This would be his heaven. Living, sleeping and eating pie with the horses...

And he admits there hasn’t been a horse in the universe that he has met that he didn’t love. Even the one’s that bucked with him repeatedly for no apparent reason, the ones that will run around the round pen for an hour before they’ll give in and be caught, the ones whose feet are always tender, the ones that walk too slow, the ones that only want to run, the ones that knocked the wind out of his lovely middle daughter time and time again as she found herself launched out of the saddle and whimpering on the hard, clay ground, unable to feel her entire right side.
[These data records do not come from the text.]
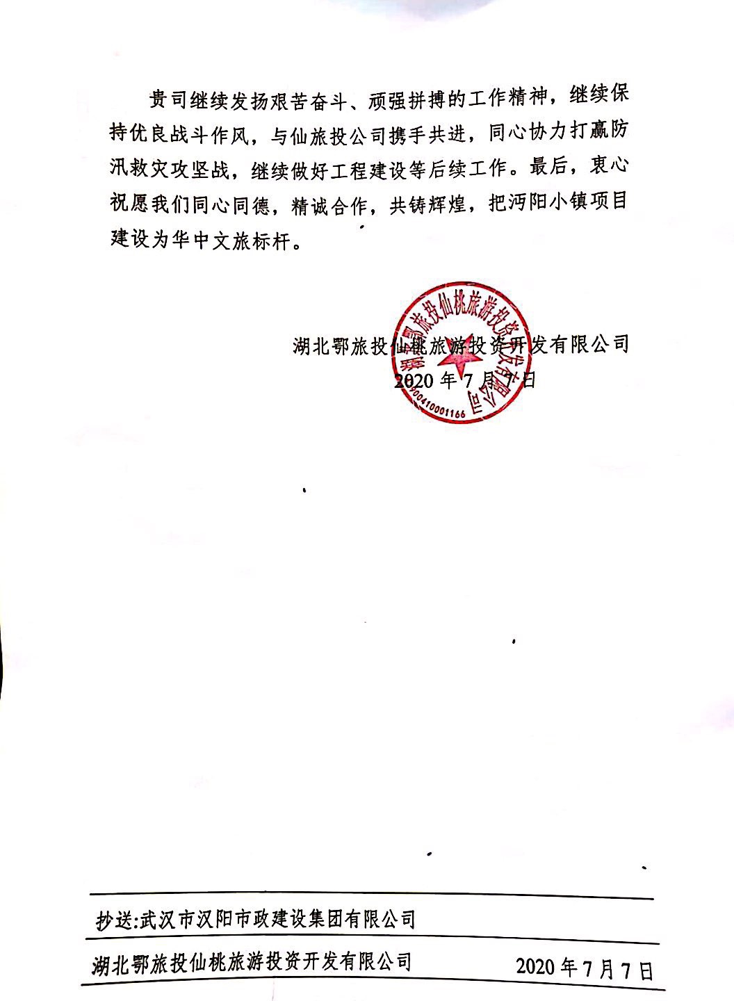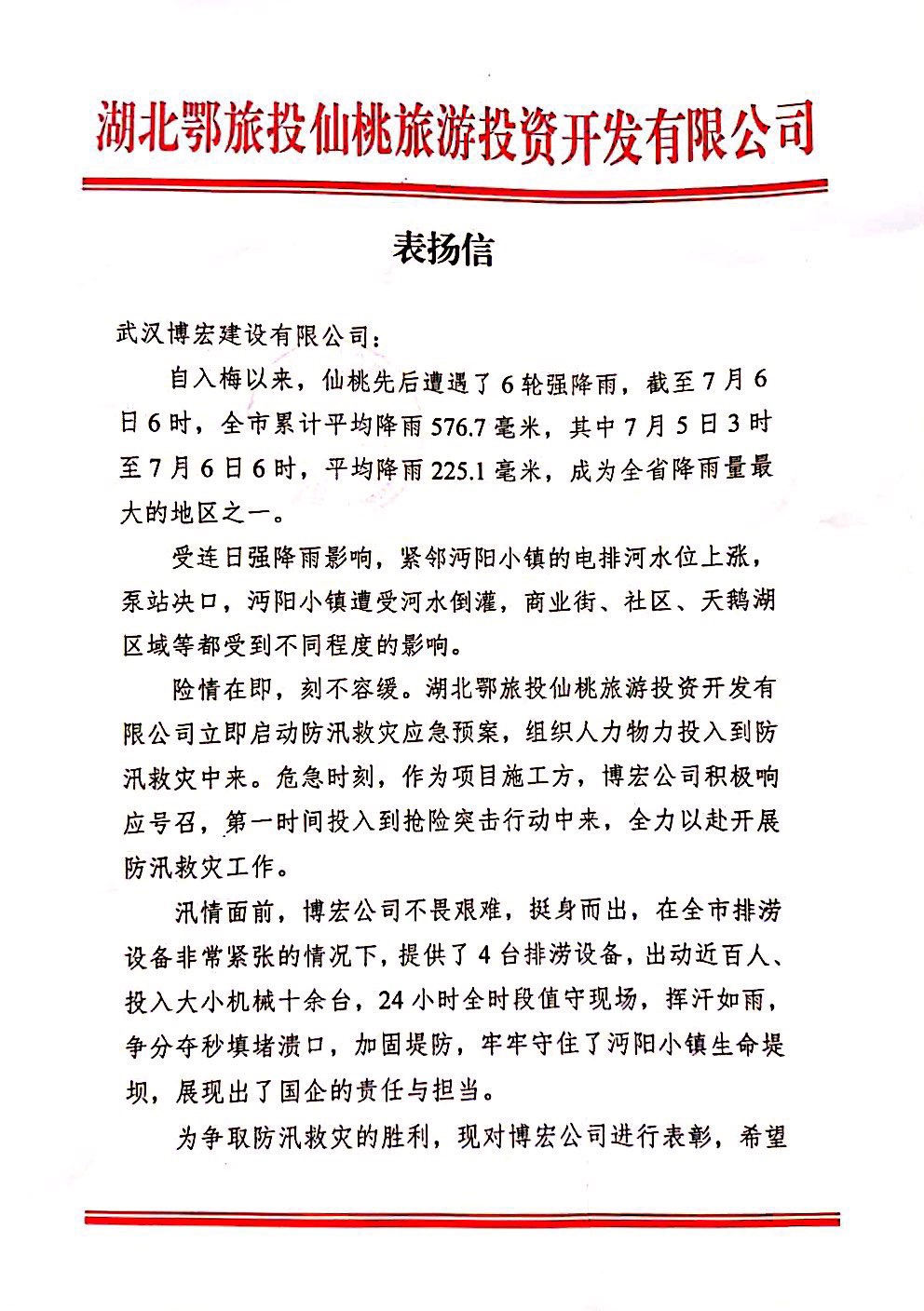 ? ? ? 2020年7月7日,鄂旅投仙桃公司給博宏建設(shè)送來(lái)表?yè)P(yáng)信,感謝博宏公司在汛情面前,不畏艱險(xiǎn)挺身而出,為沔陽(yáng)小鎮(zhèn)筑起生命之堤。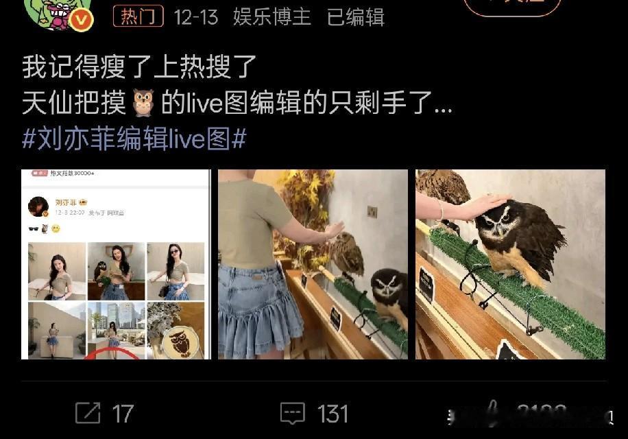 内娱流量🌸们天天生活在精修照,以及周遭遇工作人员的夸夸夸中, 是不是看到真实的自己也不能接受了? 比如刘亦菲,隔三差五就会从其古早美照里挑几张,买个热搜吹嘘一把。 屡试不爽的营销模式,已经持续了好多年。 结果刘亦菲这次晒照,不小心晒出了一张没精修的live图。 虽然只有个背影,但是依然能看到臃肿的身材,和发福的脸庞。 跟每次热搜里的神仙姐姐,相差甚远! 发布没多久,刘亦菲就重新编辑了这张照片,看来是破防了!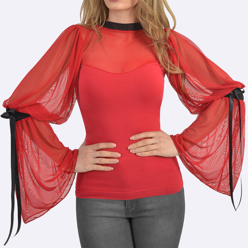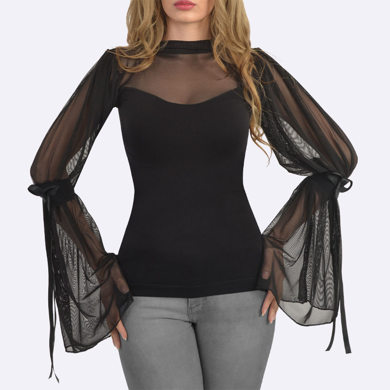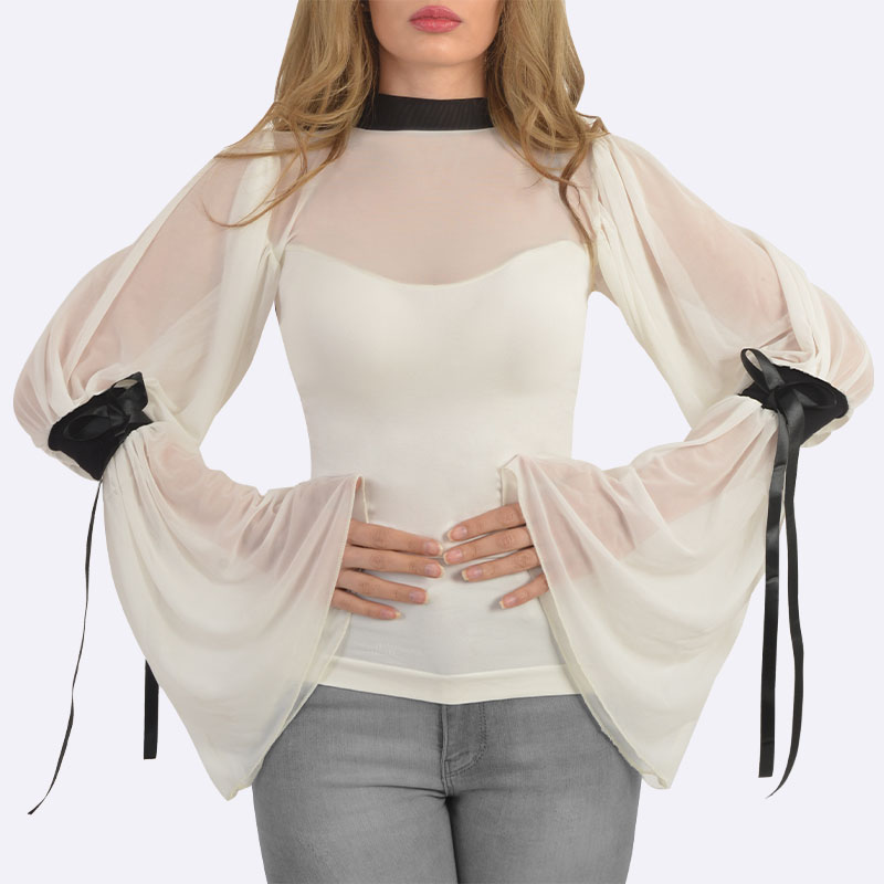 توب نسائي داخلي (كازوزنة) بدون أكمام (حفر)، يتميز بقطعة من الدانتيل المخرّم عند منطقة الياقة والكتفين، مناسب للارتداء تحت الملابس الشفافة أو كقطعة أساسية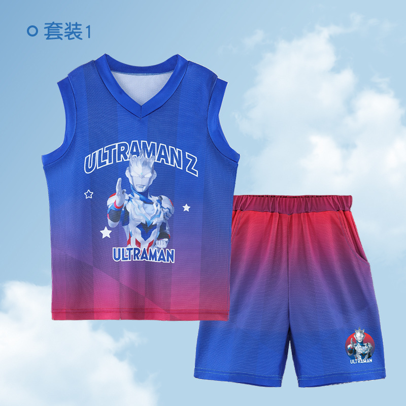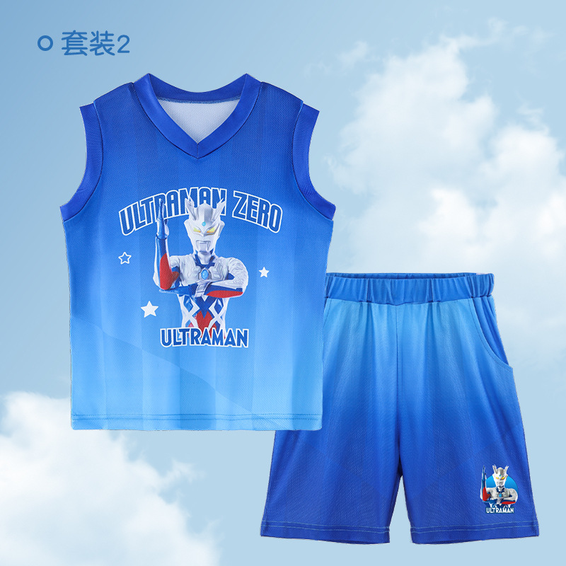 세일러 보이즈 스포츠 조끼 반바지 세트 제타 민소매 소년 농구 세트 얇은 빠른 건조 통기성 여름

Nope. Dad liked that horse too. Just not the behavior…of horse or rider I must add. Because in the Horse Whisperer’s eye it is rarely solely the horse’s fault. I suppose Ceasar the dog whisperer has the same theory–it’s misunderstanding. Miscommunication that causes the issues.

And its pops mission in life to talk to the horses, you know, let them know that there is at least one man in the world who will try to understand where the beasts are coming from.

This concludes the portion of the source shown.